### Brief
The lines below from the one with "Витторе Карпаччо, Две" up to and including the one with "Κάθε σετ περιέχει" are what you should set down, exactly and without pictures.

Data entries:
++++++++++++++++++++
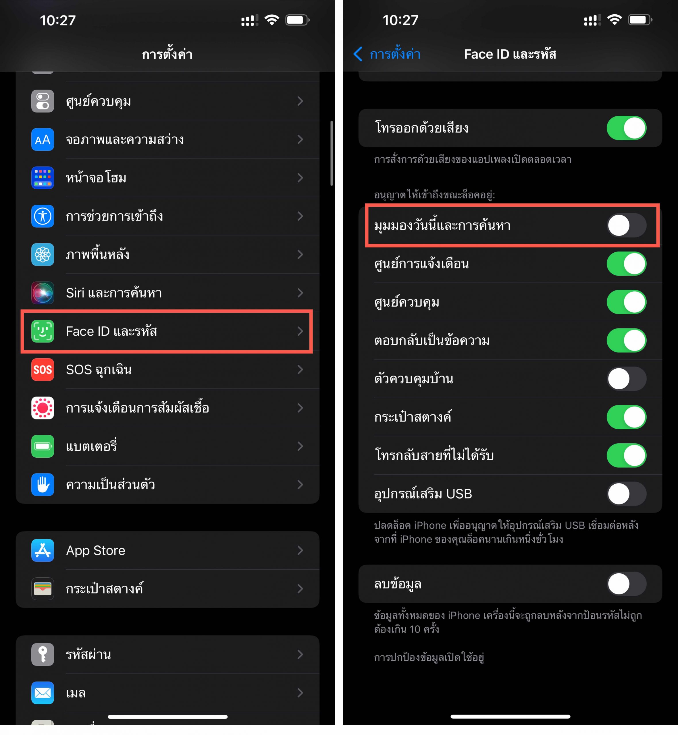 ไปที่การตั้งค่า > Face ID และรหัส (หรือ Touch ID และรหัส) > เลื่อนปิด “มุมมองวันนี้และการค้นหา”
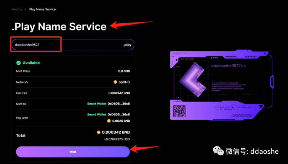 8 返回官网首页,下滑找到.Play Name Service 服务,输入要注册的名字,字符越短价格越高,现在 13 位的限时免费,只需要出 gas 即可,然后点击 mint,等待完成
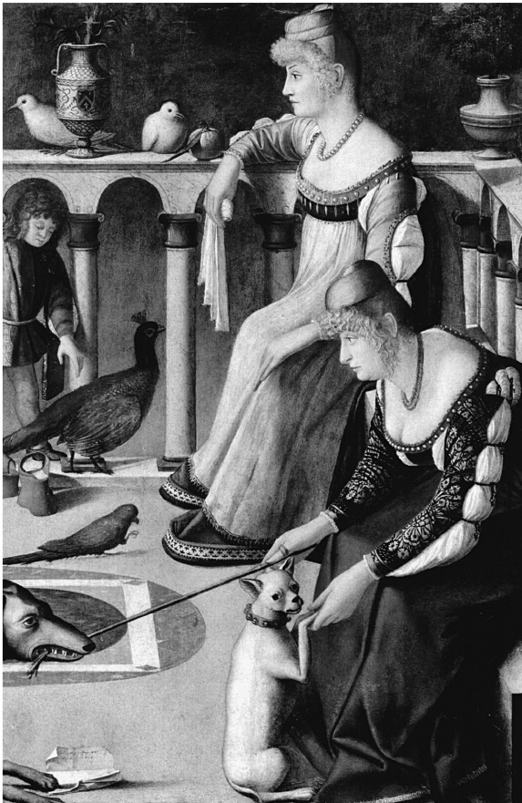 Витторе Карпаччо, Две венецианки, около 1495 г. (Музей Коррер, Венеция). На этой картине, которая теперь известна как нижняя часть панно «Охота в лагуне» (Музей Гетти, Лос-Анджелес), изображены две благородные дамы, развлекающиеся на альтане (балконе)
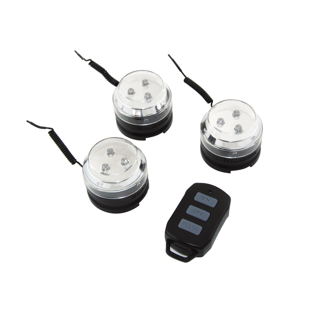 Κάθε σετ περιέχει τρια αδιάβροχα φωτιστικά, τα οποία μπορούν να δεθούν πάνω σε διάφορα αντικείμενα με ιμάντες velcro (περιέχονται).
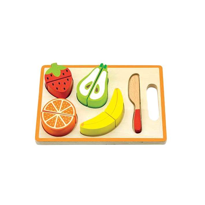 Комплект с дъска за рязане, нож и 8 половинки плодове. Играта осигурява забавление, което включва рязане, сглобяване и ролеви игри.
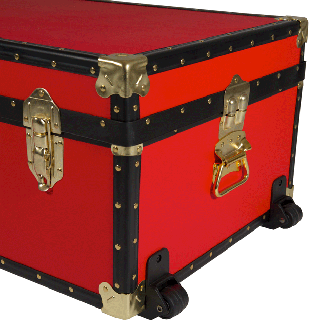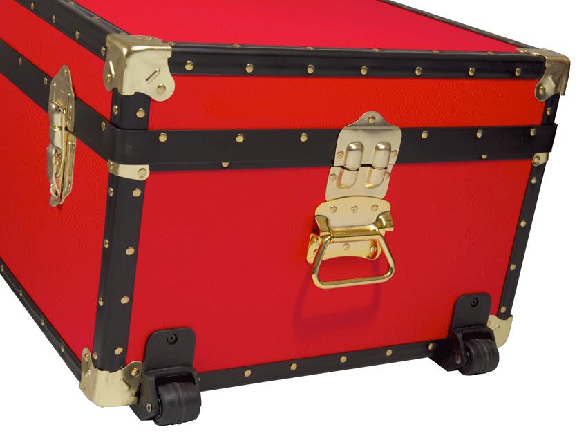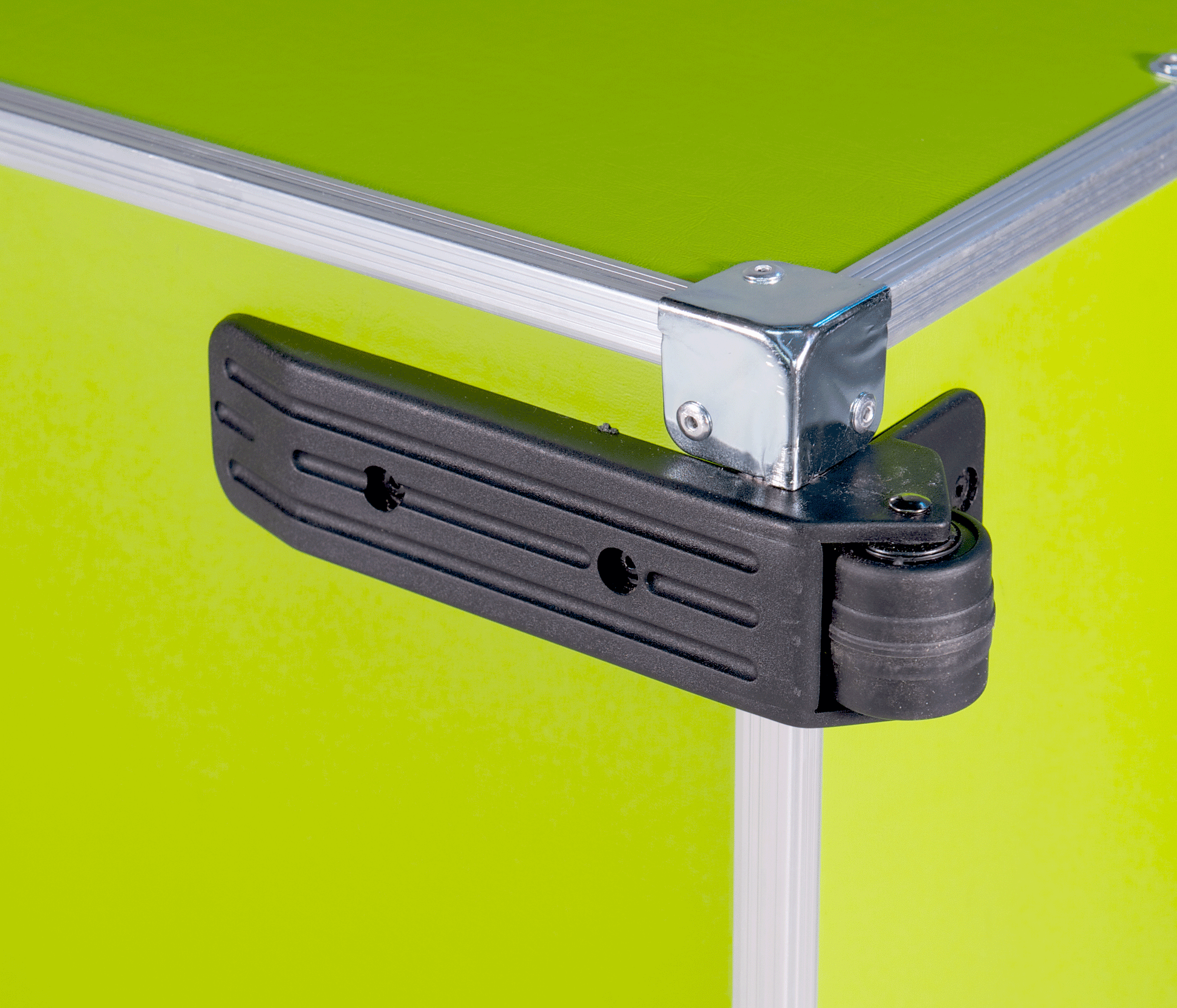Black Corner Wheels that engage when you lift your trunk up at one end by the fitted handle. Also supplied with small rubber feet for the opposite end to ensure your trunk sits flat when rested. Fixing bolts and T-Nuts can be supplied with this purchase. Can be fitted to any 30" plus size trunk. (Not recommended for Tuck Boxes or Stool boxes).
++++++++++++++++++++
### Result for this task
 Витторе Карпаччо, Две венецианки, около 1495 г. (Музей Коррер, Венеция). На этой картине, которая теперь известна как нижняя часть панно «Охота в лагуне» (Музей Гетти, Лос-Анджелес), изображены две благородные дамы, развлекающиеся на альтане (балконе)
 Κάθε σετ περιέχει τρια αδιάβροχα φωτιστικά, τα οποία μπορούν να δεθούν πάνω σε διάφορα αντικείμενα με ιμάντες velcro (περιέχονται).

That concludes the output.